Apply this by loading models from Hugging Face (e.g., microsoft/VibeVoice-ASR-7B, VibeVoice-1.5B, VibeVoice-Realtime-0.5B) for inference; vLLM plugin accelerates ASR serving.

ASR Delivers Structured 60-Minute Transcriptions

VibeVoice-ASR-7B transcribes long-form audio with joint ASR, speaker diarization (Who), timestamps (When), and content (What). Provide customized hotwords (names/terms/context) to boost accuracy on domain-specific audio. Natively supports 50+ languages in one pass, avoiding context loss from short-segment processing. Finetuning scripts available; integrated into Hugging Face Transformers v5.3.0. Test via playground (aka.ms/vibevoice-asr) or Colab.
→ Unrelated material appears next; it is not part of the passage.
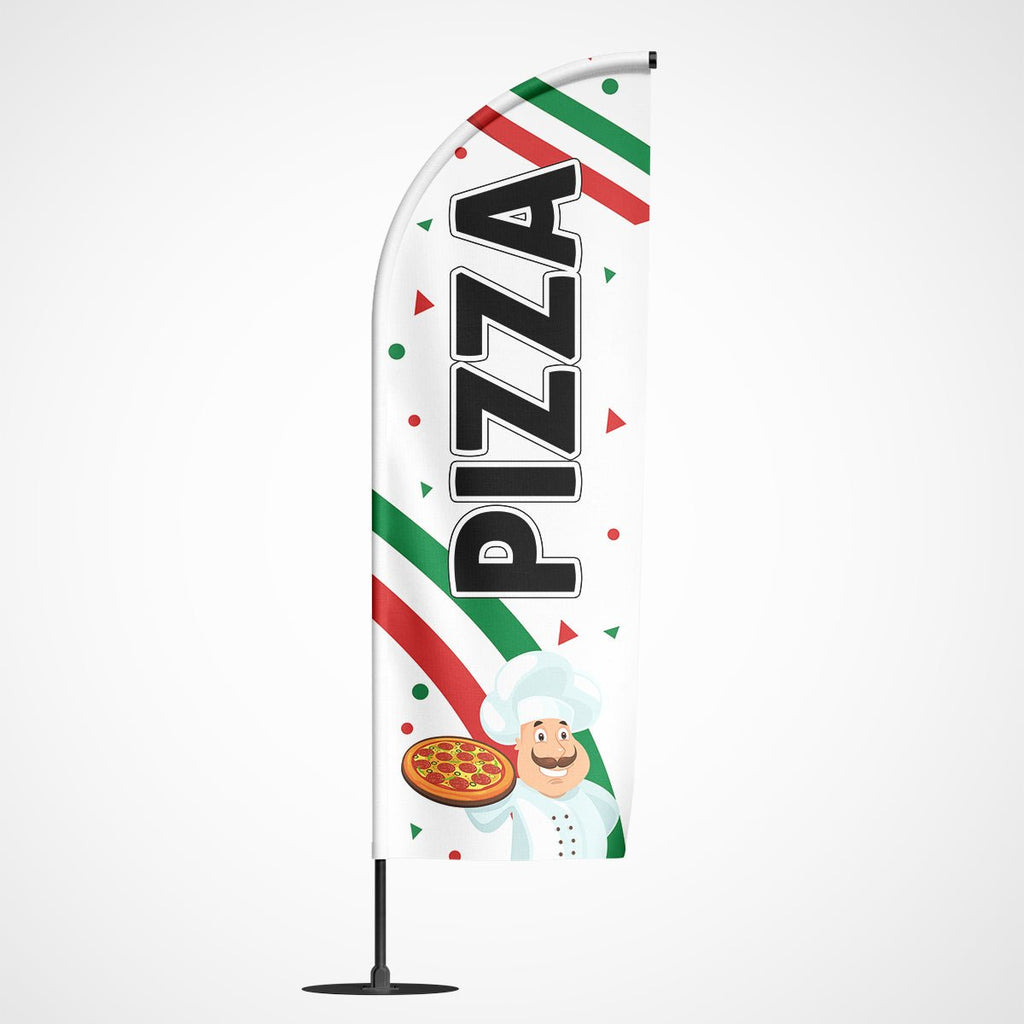Je kunt de Beachvlag pizza wit ook met mast bestellen.

Outcomes: Consistent speaker tracking and semantic coherence over full hour, with community apps like Vibing using it for voice input on macOS/Windows.

TTS Enables Expressive Multi-Speaker Dialogues

VibeVoice-TTS-1.5B generates up to 90 minutes of speech with 4 distinct speakers, natural turn-taking, and emotional nuances in English/Chinese/cross-lingual. Handles spontaneous singing and long conversations (e.g., 45min 4-person climate discussion). VibeVoice-Realtime-0.5B adds streaming text input, ~300ms first audible latency, and 10-minute robust generation for deployment. Note: TTS code removed September 2025 due to misuse beyond research intent; use HF weights. Experimental voices cover 9 languages + 11 English styles. Try Realtime on Colab.

ICLR 2026 Oral acceptance validates long-form/multi-speaker quality.

Quick Starts and Extensions

Stream TTS via Colab notebook; ASR playground for instant testing. Finetune ASR with provided code. Contribute per CONTRIBUTING.md; MIT license. Track 39.1k stars, 4.5k forks.